- **ASSIGNMENT**
When the line containing "approx. 21 x" is reached, begin reproducing lines exactly and continue through the last line of the records below.

- **Dataset records**
▬▬▬▬▬▬

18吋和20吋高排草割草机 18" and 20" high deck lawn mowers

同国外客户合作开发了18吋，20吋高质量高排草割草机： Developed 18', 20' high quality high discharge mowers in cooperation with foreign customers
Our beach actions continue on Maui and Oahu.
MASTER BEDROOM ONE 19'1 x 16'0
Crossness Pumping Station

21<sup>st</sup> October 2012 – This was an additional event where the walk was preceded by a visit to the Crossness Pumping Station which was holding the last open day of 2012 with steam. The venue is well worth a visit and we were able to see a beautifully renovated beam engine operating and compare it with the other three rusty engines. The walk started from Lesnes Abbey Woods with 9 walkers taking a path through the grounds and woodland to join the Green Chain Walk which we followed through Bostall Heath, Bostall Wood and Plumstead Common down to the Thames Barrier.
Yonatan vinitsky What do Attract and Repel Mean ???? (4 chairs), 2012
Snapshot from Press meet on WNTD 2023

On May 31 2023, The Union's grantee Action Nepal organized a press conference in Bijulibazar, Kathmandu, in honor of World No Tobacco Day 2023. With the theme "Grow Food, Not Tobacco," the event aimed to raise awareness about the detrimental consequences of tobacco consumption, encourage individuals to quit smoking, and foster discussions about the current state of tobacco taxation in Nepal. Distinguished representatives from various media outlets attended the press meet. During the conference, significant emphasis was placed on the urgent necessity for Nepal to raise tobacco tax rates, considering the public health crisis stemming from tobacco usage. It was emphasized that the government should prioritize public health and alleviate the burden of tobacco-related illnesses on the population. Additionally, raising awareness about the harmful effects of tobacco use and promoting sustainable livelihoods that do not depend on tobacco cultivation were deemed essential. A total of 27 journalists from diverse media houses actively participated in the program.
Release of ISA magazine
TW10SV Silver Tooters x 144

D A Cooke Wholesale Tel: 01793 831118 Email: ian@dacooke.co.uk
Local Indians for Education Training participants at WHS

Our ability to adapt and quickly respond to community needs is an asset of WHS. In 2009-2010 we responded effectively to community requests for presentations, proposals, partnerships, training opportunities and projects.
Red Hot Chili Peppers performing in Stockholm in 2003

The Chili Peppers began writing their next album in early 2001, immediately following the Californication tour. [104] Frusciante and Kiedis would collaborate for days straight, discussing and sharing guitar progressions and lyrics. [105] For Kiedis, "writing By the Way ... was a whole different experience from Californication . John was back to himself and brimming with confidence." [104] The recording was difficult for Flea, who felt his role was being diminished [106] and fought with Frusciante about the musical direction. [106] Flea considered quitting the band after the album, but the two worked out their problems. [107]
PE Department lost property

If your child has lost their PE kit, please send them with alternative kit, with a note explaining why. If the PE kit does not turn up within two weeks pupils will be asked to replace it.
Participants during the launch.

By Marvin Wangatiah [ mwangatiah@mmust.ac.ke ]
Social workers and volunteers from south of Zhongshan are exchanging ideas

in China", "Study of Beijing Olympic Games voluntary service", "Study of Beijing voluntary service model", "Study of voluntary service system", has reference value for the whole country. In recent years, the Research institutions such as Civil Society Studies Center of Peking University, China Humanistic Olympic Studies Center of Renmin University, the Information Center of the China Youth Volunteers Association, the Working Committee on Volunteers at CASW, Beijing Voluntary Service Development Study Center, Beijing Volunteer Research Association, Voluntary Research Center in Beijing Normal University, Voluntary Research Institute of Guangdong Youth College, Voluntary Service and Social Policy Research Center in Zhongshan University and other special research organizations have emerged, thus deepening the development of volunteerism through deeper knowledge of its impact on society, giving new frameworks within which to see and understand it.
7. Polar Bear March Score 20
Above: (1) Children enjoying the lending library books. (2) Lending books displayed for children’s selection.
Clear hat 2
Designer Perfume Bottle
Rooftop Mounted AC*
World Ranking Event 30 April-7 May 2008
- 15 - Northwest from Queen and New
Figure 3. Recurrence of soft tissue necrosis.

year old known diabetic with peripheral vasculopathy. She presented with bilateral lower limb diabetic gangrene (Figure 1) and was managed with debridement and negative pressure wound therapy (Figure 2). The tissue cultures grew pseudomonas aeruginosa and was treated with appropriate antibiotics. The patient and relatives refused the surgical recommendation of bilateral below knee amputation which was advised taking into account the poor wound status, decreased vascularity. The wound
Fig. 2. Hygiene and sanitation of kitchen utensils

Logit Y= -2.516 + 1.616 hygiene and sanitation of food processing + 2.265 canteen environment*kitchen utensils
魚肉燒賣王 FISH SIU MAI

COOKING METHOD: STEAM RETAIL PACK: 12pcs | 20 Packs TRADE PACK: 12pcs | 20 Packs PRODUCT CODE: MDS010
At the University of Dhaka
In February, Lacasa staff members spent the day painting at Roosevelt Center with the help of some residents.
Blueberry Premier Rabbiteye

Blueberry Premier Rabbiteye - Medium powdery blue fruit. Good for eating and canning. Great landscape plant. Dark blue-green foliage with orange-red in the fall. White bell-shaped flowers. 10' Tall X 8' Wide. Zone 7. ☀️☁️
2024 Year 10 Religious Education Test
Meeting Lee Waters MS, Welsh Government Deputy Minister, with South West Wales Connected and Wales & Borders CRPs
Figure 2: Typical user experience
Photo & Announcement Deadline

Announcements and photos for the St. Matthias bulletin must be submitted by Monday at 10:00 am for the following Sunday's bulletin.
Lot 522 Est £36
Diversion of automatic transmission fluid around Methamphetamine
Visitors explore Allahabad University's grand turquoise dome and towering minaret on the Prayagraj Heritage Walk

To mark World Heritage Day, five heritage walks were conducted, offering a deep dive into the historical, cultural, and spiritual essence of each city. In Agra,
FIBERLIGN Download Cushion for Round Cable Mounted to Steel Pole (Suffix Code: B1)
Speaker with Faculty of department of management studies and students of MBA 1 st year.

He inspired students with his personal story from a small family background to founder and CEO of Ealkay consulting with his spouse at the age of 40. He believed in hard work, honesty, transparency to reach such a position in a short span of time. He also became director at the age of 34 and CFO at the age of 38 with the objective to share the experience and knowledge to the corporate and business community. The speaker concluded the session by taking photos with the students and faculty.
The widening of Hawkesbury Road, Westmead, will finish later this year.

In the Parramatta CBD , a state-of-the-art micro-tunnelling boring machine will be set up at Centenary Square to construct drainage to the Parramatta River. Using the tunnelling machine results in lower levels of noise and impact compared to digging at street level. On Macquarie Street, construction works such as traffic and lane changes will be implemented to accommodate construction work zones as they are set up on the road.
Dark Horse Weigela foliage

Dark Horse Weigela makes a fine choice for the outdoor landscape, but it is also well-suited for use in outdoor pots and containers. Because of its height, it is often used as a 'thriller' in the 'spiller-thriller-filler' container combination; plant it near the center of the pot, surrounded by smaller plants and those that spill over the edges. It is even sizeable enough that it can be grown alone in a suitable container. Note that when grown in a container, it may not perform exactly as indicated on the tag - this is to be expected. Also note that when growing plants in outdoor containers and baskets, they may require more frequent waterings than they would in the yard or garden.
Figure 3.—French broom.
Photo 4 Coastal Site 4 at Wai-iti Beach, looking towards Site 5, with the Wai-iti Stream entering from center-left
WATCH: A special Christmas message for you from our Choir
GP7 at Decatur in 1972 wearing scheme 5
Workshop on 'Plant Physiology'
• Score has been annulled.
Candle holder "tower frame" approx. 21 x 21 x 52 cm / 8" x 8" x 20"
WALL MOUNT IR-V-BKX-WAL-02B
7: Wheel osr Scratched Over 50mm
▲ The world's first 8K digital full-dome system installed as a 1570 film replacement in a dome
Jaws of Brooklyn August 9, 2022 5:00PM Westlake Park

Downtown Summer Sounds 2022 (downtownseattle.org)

▬▬▬▬▬▬

- **ANSWER TO THIS EXERCISE**
Candle holder "tower frame" approx. 21 x 21 x 52 cm / 8" x 8" x 20"
WALL MOUNT IR-V-BKX-WAL-02B
7: Wheel osr Scratched Over 50mm
▲ The world's first 8K digital full-dome system installed as a 1570 film replacement in a dome
Jaws of Brooklyn August 9, 2022 5:00PM Westlake Park

Downtown Summer Sounds 2022 (downtownseattle.org)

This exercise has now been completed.